There are also concerns about the overly broad nature of the Italian law, which could criminalize both speech and religious beliefs in Italy. According to law professor Cesare Mirabelli, a former president of the Constitutional Court, who was interviewed for the Italian edition of the Huffington Post, some passages that are too vague regarding incitement to commit acts of discrimination because of sex, “gender”, sexual orientation or “gender identity”

Mirabelli said that Italy’s “anti-homotransphobia” law means that “even Catholic associations can be sued for the different roles they attribute to men and women, or because women are excluded from the priesthood. Furthermore, a Catholic university could be prosecuted for adopting a bioethics charter, as some have already announced they will do as soon as the Zan bill has been passed into law.

Among other things, the Zan law provides for the mandatory participation of schools, including Catholic schools, in a national day against homophobia.

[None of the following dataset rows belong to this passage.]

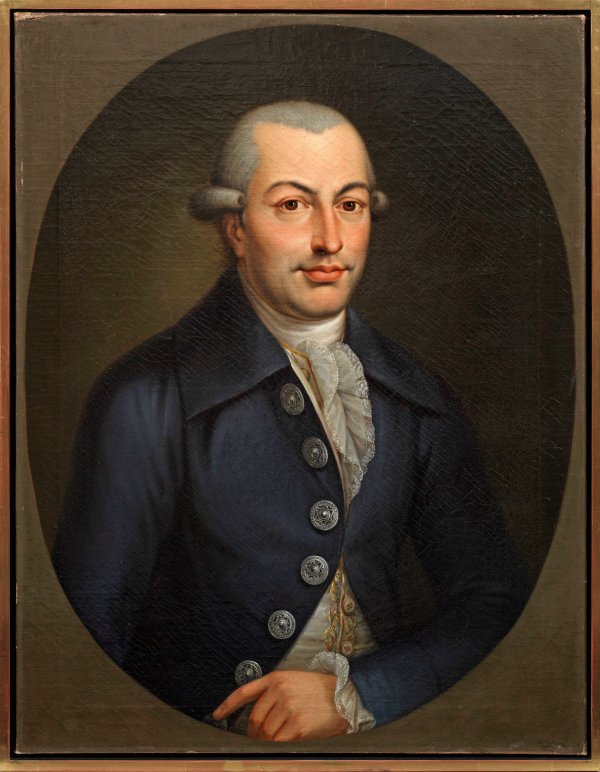 In fein lasierender Malerei und mit weicher Lichtführung ausgeführtes, repräsentatives Porträt, das den Dargestellten subtil charakterisiert und ganz als gebildeten Herrn wiedergibt. Gewandet ist dieser in einen dunkelblauen Rock mit Silberknöpfen, eine weiße, goldbestickte Weste, Jabot und Hemdsärmel zeigen feinste Spitze. Öl/Lwd.; 77,5 cm x 60 cm. Rahmen.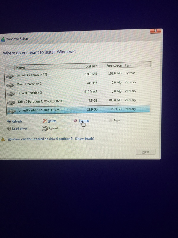 I come unstuck when selecting the partition, please see the error below. I did click format too.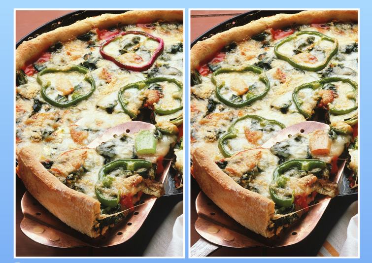 На картинку с аппетитной пиццей мы спрятали несколько деталей. Сможете найти их все? Итак, перед вами 2-е картинки,ваша задача найти 7 отличий!

The height of hypocrisy was reached when Italian Prime Minister Mario Draghi — reacting in the Senate to the Vatican’s concerns with talks about secularism and parliamentary sovereignty — proudly informed senators that “Italy has signed a joint declaration with sixteen other European countries expressing their concern about Hungarian articles of law discriminating on the basis of sexual orientation.”

Spain’s ‘Trans Law’

The situation is quite similar in Spain, where the adoption of the “Trans Law” proposed by the Sánchez government is almost certain. This project is the result of a compromise between the Socialist Party (PSOE) and its far-left ally (Unidas Podemos).

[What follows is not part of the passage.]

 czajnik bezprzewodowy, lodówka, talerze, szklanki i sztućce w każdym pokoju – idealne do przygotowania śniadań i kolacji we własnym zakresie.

Among other things, this legislation would reverse the burden of proof when a landlord is accused of refusing to rent because of the sexual orientation of a would-be tenant. In other words, it will now be up to the landlord to prove that his refusal was not motivated by the sexual orientation of those who wanted to rent his property, failing which he or she will have to pay a very heavy fine of up to €150,000.

Consequently, if both homosexual and heterosexual would-be tenants show up, a landlord will have a vested interest in renting to homosexuals to avoid risking having to sell his or her property to pay the fine. In effect, the law could end up serving as a source of discrimination against heterosexuals.

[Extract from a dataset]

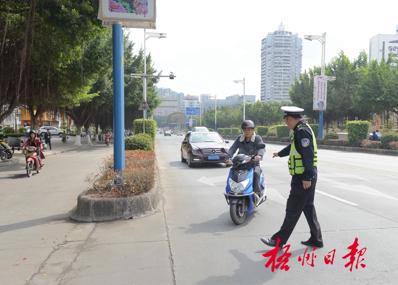 ??? 2月21日,在新興三路,民警正在攔截在機動車道行駛的助力車。

Another innovation of the Spanish “Trans Law” that introduces privileges for transsexual or transgender people to the detriment of others is the right to use toilets and changing rooms corresponding to the “gender” with which one identifies rather than according to one’s biological sex. This will also apply to children in schools. Minors will be able to freely change their sex in the civil status registry from the age of 16 — the parents’ agreement is required only between the ages of 14 and 16, and a judge will have to rule on children aged 12 to 14 who “wish” to be identified with the other sex.

Under-12s will not be able to change their sex in the civil registry but will be able to change their name and demand to be treated as children of the opposite sex, including in the use of toilets and changing rooms.

The law is drawing fire from a range of groups, including Spanish feminist associations, which are protesting against the decline in women’s rights and the discrimination that accompanies this replacement of the concept of sex by a concept of “gender”, the consequences of which can already be seen in the field of sport, where women’s competitions are increasingly being won by men who are claiming they are women.

On June 30, the leader of the conservative Vox party, Santiago Abascal, reminded the Spanish prime minister and European leaders of the hypocrisy there is in claiming to promote and defend the rights of LGBT people while at the same time pursuing a policy of mass immigration and Islamization.

“In Hungary, homosexuals can walk peacefully in the streets, but not in some streets of Amsterdam, Brussels or Barcelona, because of the fundamentalist immigration that does not respect them and that you all bring [to Europe],” he said.